My child does not have an Aspie label; she does have attention issues and learning disabilities. Our intervention of choice is a developmental one that grows joint-attention by starting with foundations and growing them, instead of using rote rules as compensations. While I am not comfortable using every lesson, there are some solid self-awareness lessons that we can incorporate into our developmental approach. Some of the lessons address skills by using compensations that are too explicit, to artificial, too rule-based for me, and quite frankly, we've been able to bypass some of these lessons altogether by conquering some of the challenges in the book by addressing them naturally from an experience-based developmental, relationship approach.

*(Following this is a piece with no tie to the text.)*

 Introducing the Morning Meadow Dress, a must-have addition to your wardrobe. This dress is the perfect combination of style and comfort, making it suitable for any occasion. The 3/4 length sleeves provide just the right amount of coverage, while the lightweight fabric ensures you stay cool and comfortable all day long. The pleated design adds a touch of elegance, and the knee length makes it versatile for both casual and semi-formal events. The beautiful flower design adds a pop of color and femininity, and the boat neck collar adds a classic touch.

I'm going to pick and choose the lessons that fit our approach, and there are quite a few of them. Other lessons will guide me as we begin to host more play dates and meet people in our new location after our move. Dr Giler spotlights some concepts I have put on the back burner and may need to bring forward at our house. (I will completely ignore the lessons about eye contact; one of our goals is referencing for meaning, and I don't want to confuse my girl and make her think referencing is about eye contact, because it's not.)

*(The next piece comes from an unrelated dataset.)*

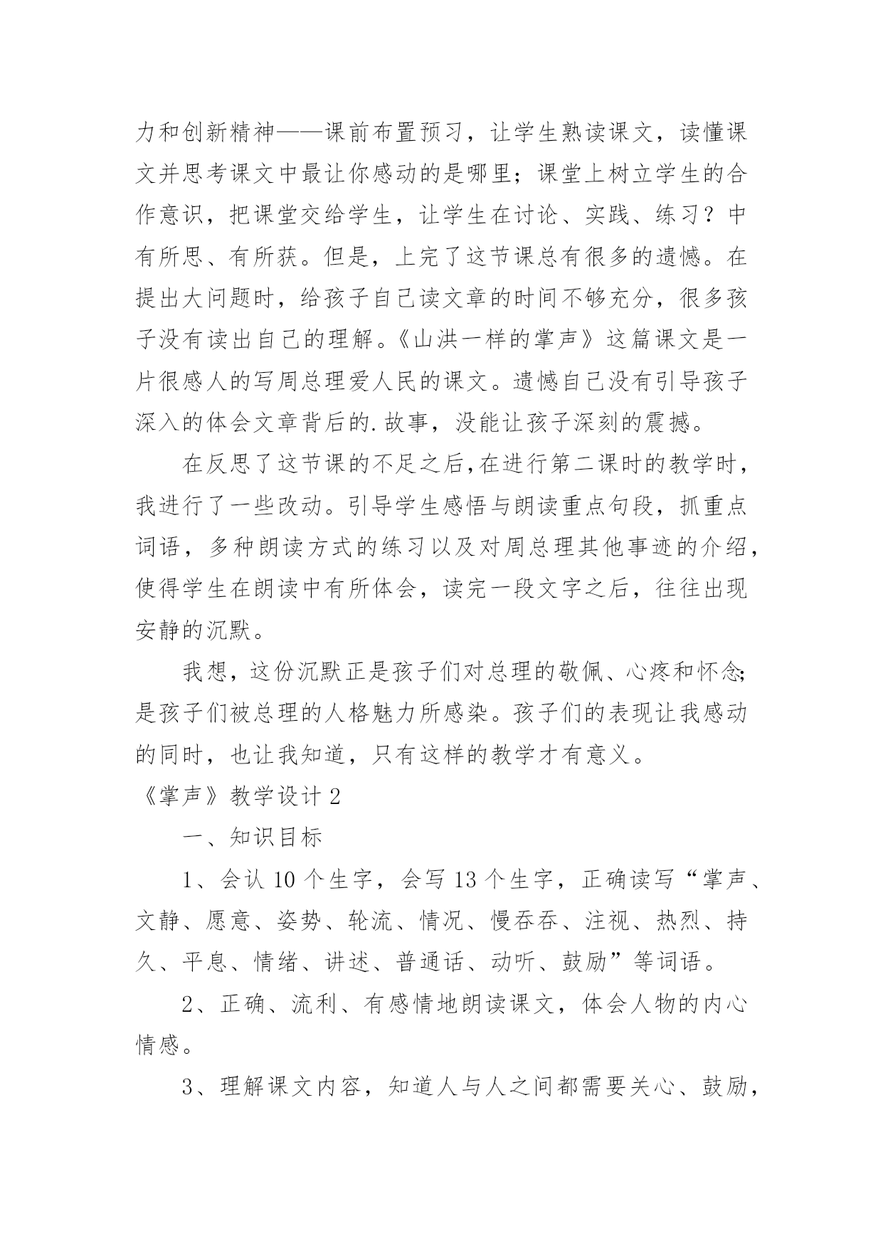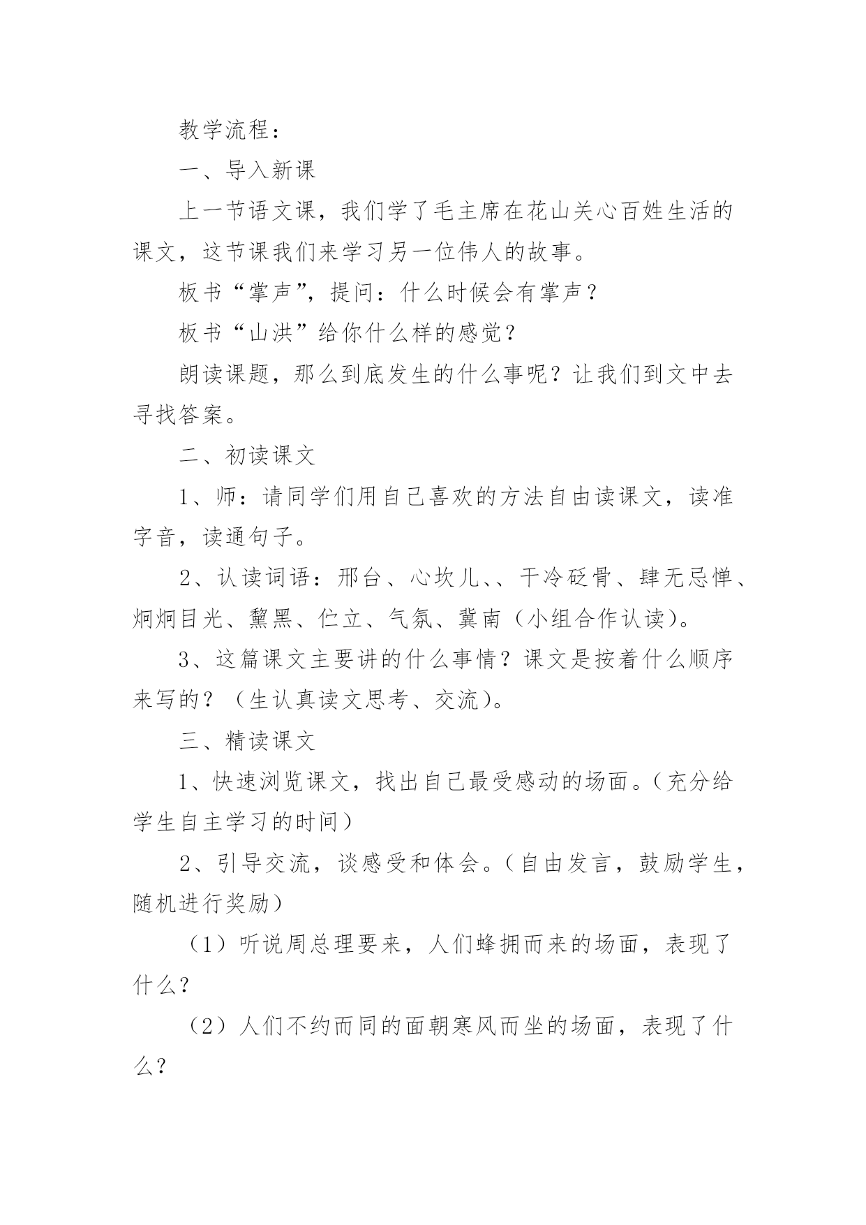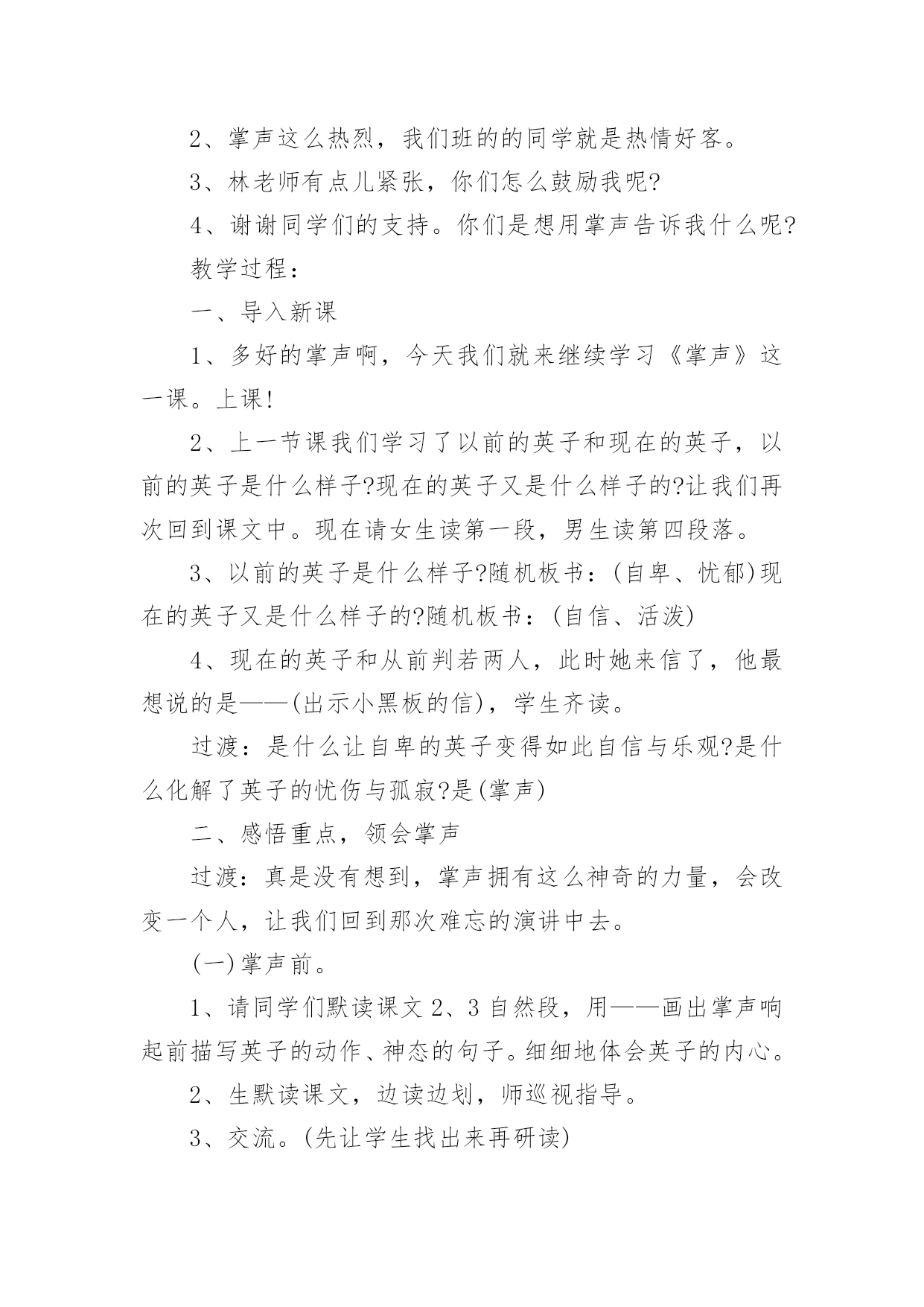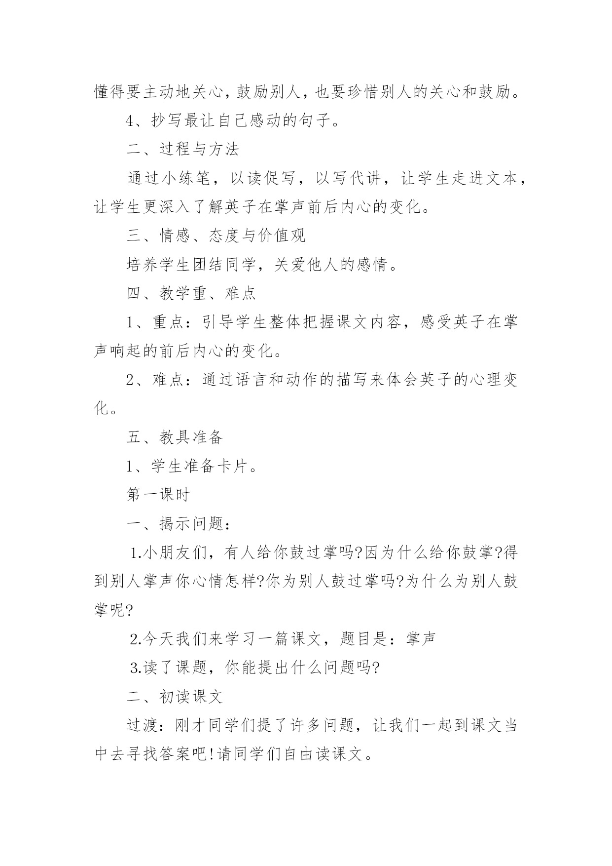 《掌声》教学设计《掌声》教学设计作为一名教师,总归要编写教学设计,借助教学设计可以更大幅度地提高学生各方面的能力,从而使学生获得良好的发展。那么优秀的教学设计是什么样的呢?下面是小编为大家收集的《掌声》教学设计,仅供参考,大家一起来看看吧。《掌声》教学设计1教学目标:1、知识、能力目标:正确、流利、有感情的朗读课文。读懂课文内容,体会周恩来总理对人民群众的深厚感情和人民群众对总理的无限爱戴,感受周总理平等待人的高尚品质。背诵课文最后两个自然段。2、过程、方法目标:在阅读中学习作者描写活动场面和人物细写的方法。3、情感、价值观目标:读懂课文内容,体会总理平等待人的高尚品格。教学重点:朗读课文,从课文对会场和周总理神情的细节描写中,体会总理的精神和品质,感受总理的伟大人格。教学难点:在阅读中学习作者描写活动场面和人物细写的方法。教学流程:一、导入新课上一节语文课,我们学了毛主席在花山关心百姓生活的课文,这节课我们来学习另一位伟人的故事。板书“掌声”,提问:什么时候会有掌声?板书“山洪”给你什么样的感觉?朗读课题,那么到底发生的什么事呢?让我们到文中去寻找答案。二、初读课文1、师:请同学们用自己喜欢的方法自由读课文,读准字音,读通句子。2、认读词语:邢台、心坎儿、、干冷砭骨、肆无忌惮、炯炯目光、黧黑、伫立、气氛、冀南(小组合作认读)。3、这篇课文主要讲的什么事情?课文是按着什么顺序来写的?(生认真读文思考、交流)。三、精读课文1、快速浏览课文,找出自己最受感动的场面。(充分给学生自主学习的时间)2、引导交流,谈感受和体会。(自由发言,鼓励学生,随机进行奖励)(1)听说周总理要来,人们蜂拥而来的场面,表现了什么?(2)人们不约而同的面朝寒风而坐的场面,表现了什么?(3)周总理对县委书记的会场安排提出质疑,表现了什么?(4)周总理蹲在打谷场于社员交谈体现了总理的什么精神?(5)群众迎风欢迎总理以及总理指挥群众转移方向,表现了什么?(6)总理迎风伫立,掌声像山洪一样,这一场面描写,你体会到了什么?3、文中两次掌声的对比;两次眉毛的变化的描写,你体会到了什么?(小组讨论交流后汇报,其他小组评议补充)4、交流在找文中找出的对周总理语言、动作、神态等细节描写的句子。读一读,读出人物性格,想一想:从这些描写中你体会到了什么?(师总结文章描写方法)四、朗读课文最后两段,升华情感。五、你学到了什么?六、作业:板书:2山洪一样的掌声关心总理,群众爱戴《山洪一样的掌声》教学反思在教学《山洪一样的掌声》一课中,我力求实现教师角色转变,让学生有主人翁感,有学习兴趣,培养学生质疑能力和创新精神——课前布置预习,让学生熟读课文,读懂课文并思考课文中最让你感动的是哪里;课堂上树立学生的合作意识,把课堂交给学生,让学生在讨论、实践、练习?中有所思、有所获。但是,上完了这节课总有很多的遗憾。在提出大问题时,给孩子自己读文章的时间不够充分,很多孩子没有读出自己的理解。《山洪一样的掌声》这篇课文是一片很感人的写周总理爱人民的课文。遗憾自己没有引导孩子深入的体会文章背后的.故事,没能让孩子深刻的震撼。在反思了这节课的不足之后,在进行第二课时的教学时,我进行了一些改动。引导学生感悟与朗读重点句段,抓重点词语,多种朗读方式的练习以及对周总理其他事迹的介绍,使得学生在朗读中有所体会,读完一段文字之后,往往出现安静的沉默。我想,这份沉默正是孩子们对总理的敬佩、心疼和怀念;是孩子们被总理的人格魅力所感染。孩子们的表现让我感动的同时,也让我知道,只有这样的教学才有意义。《掌声》教学设计2一、知识目标1、会认10个生字,会写13个生字,正确读写“掌声、文静、愿意、姿势、轮流、情况、慢吞吞、注视、热烈、持久、平息、情绪、讲述、普通话、动听、鼓励”等词语。2、正确、流利、有感情地朗读课文,体会人物的内心情感。3、理解课文内容,知道人与人之间都需要关心、鼓励,懂得要主动地关心,鼓励别人,也要珍惜别人的关心和鼓励。4、抄写最让自己感动的句子。二、过程与方法通过小练笔,以读促写,以写代讲,让学生走进文本,让学生更深入了解英子在掌声前后内心的变化。三、情感、态度与价值观培养学生团结同学,关爱他人的感情。四、教学重、难点1、重点:引导学生整体把握课文内容,感受英子在掌声响起的前后内心的变化。2、难点:通过语言和动作的描写来体会英子的心理变化。五、教具准备1、学生准备卡片。第一课时一、揭示问题:⒈小朋友们,有人给你鼓过掌吗?因为什么给你鼓掌?得到别人掌声你心情怎样?你为别人鼓过掌吗?为什么为别人鼓掌呢?⒉今天我们来学习一篇课文,题目是:掌声⒊读了课题,你能提出什么问题吗?二、初读课文过渡:刚才同学们提了许多问题,让我们一起到课文当中去寻找答案吧!请同学们自由读课文。1、自由读全文,遇到生字圈起来,多

If you like rule-based social skills classes, you may like this book. Priced at $29.95, the book is easy to follow; the lessons are arranged in a way that makes them visually appealing on the page (there is not too much info on a page, for example), and I think that either a professional or a laymom or dad can use them. The paperback is the size of a sheet of copy-paper; it is designed to lie flat on a copy machine for easy duplication for groups.

Dr Giler's web site is

Jossey-Bass Teacher sent me a copy of Socially ADDept, Teaching Social Skills to Children with ADHD, LD, and Asperger's, Revised Edition, by Dr. Janet Z. Giler, for review purposes. I am not paid for this review and am not obligated to provide a positive review.